Question
Assume you have a $W \subset V$ such that $W$ is dense in $V$, where $W,V$ are metric spaces. You have a function $f: W \mapsto H$, where $H$ is another metric space. Also, $\lVert w\rVert_W = \lVert f(w)\rVert_H$ (ie $f$ is an isometry). My questions are:
- How do you "naturally extend" $f$ from $W$ to $V$ in an unique way, such that $f$ is still an isometry on $V$?
- What happens if $f$ is just a function, not necessarily an isometry?
- Do you need $W,V$ to be complete for this to work?
If in this general setting this is not possible, please refer below to the actual problem I have.
Thoughts
The obvious thing would be to find a sequence $(w_i)_{i\ge 0} \subset W$ that tends in the $V$-norm to $v \in V$ and define $$f(v) = \lim_{n \to \infty} f(w_n)$$
But I have already trouble proving that it's an isometry; in fact doing
$$\lVert f(v) \rVert _V =\lVert \lim_{n \to \infty}f(w_n) \rVert _V \mathop{=}^? \lim_{n \to \infty} \lVert f(w_n) \rVert _V = \lim_{n \to \infty} \lVert w_n \rVert _V = \lVert v \rVert _V$$
But how to justify bringing the limit outside?
To check that is well defined one would also need to check that if $w_n, v_n $ both tend in the $V$-norm to $v$, then
$$f(v) = \lim_{n \to \infty} f(w_n) = \lim_{n \to \infty} f(v_n)$$
It's easy to show that $\lVert v_n - w_n \rVert_V \to 0$, which implies $$\lVert f(w_n) - f(v_n) \rVert_V \to 0$$, but that does not imply pointwise convergence (as in the limit above). Can you provide some help?
Actual background
The actual problem is: I have defined the stochastic integral on the space $\Lambda_1$ of simple processes. I view $\Lambda_1$ as a subspace of $L^2(\Omega \times \mathbb R_+, \mathcal G \otimes \mathcal B(\mathbb R_+), dP \times ds)$.

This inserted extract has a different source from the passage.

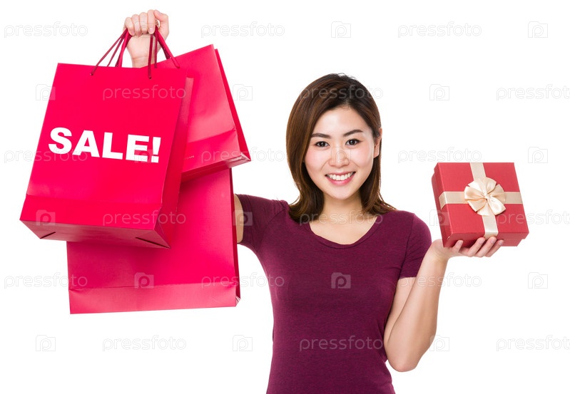 Азиатская женщина с покупками

Then I show that $\Lambda_1$ is dense in $\Lambda_2 = L^2(\Omega \times \mathbb R_+, \mathcal P, dP \times ds)$ where $\mathcal P$ is the sigma algebra generated by progressively measurable sets. The function $f$ in this context would be the function $$K \in \Lambda_1 \mapsto \int_0^\infty K_s dB_s \in L^2(\Omega, \mathcal G, dP)$$
which is an isometry, and I want to extend it as such from $\Lambda_1$ to $\Lambda_2$ ($B_s$ is a brownian motion)
If $\displaystyle \ell:= \lim_{n\to \infty}f(v_n)$, then reverse triangle inequality gives: $$|\Vert f(v_n)\Vert-\Vert \ell\Vert|\leq \Vert f(v_n)-\ell \Vert$$ so $\displaystyle \lim_{n\to \infty} \Vert f(v_n)\Vert = \Vert \ell\Vert =\Vert \lim_{n\to\infty} f(v_n)\Vert$.
How to prove that $(f(v_n))$ converges? If $H$ is complete, then note that $(v_n)$ converges thus it is a Cauchy sequence. Hence $(f(v_n))$ is a Cauchy sequence because $f$ is an isometry and it converges since $H$ is complete. I don't know what to do if $H$ is not complete.
Now, if $(v_n)$ and $(w_n)$ converge to a same $v$, then as you noted, $\Vert f(v_n)-f(w_n)\Vert$ tends to 0. Since $(f(v_n))$ converges to some $\ell$ and $(f(w_n))$ converges to some $\ell'$, continuity of the norm (see 1. above) shows that $$0= \lim_{n\to\infty} \Vert f(v_n)-f(w_n)\Vert =\Vert \ell-\ell'\Vert$$ thus $\ell=\ell'$.